## Problem description
Of all the entries below, retype only the lines from the one with "Pääsääntöisesti tatuoinnit, jotka" through the one with "Популярный дизайнерский бренд", exactly as they appear.

## Exercise material
━━━━━━━━━━━━━━━━
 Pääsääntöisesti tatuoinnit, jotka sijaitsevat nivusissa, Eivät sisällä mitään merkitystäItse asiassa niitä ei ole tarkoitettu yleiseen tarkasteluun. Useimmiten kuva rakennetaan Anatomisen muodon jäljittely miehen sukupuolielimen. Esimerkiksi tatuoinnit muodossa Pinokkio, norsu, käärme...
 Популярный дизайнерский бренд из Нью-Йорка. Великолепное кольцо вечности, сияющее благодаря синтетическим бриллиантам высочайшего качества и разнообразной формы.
━━━━━━━━━━━━━━━━
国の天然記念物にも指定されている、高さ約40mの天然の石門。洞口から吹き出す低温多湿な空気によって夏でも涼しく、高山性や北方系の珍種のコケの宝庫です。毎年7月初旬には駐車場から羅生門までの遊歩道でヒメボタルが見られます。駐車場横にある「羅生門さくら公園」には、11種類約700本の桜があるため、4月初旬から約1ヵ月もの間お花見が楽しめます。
━━━━━━━━━━━━━━━━
## Task response
 Pääsääntöisesti tatuoinnit, jotka sijaitsevat nivusissa, Eivät sisällä mitään merkitystäItse asiassa niitä ei ole tarkoitettu yleiseen tarkasteluun. Useimmiten kuva rakennetaan Anatomisen muodon jäljittely miehen sukupuolielimen. Esimerkiksi tatuoinnit muodossa Pinokkio, norsu, käärme...
 Популярный дизайнерский бренд из Нью-Йорка. Великолепное кольцо вечности, сияющее благодаря синтетическим бриллиантам высочайшего качества и разнообразной формы.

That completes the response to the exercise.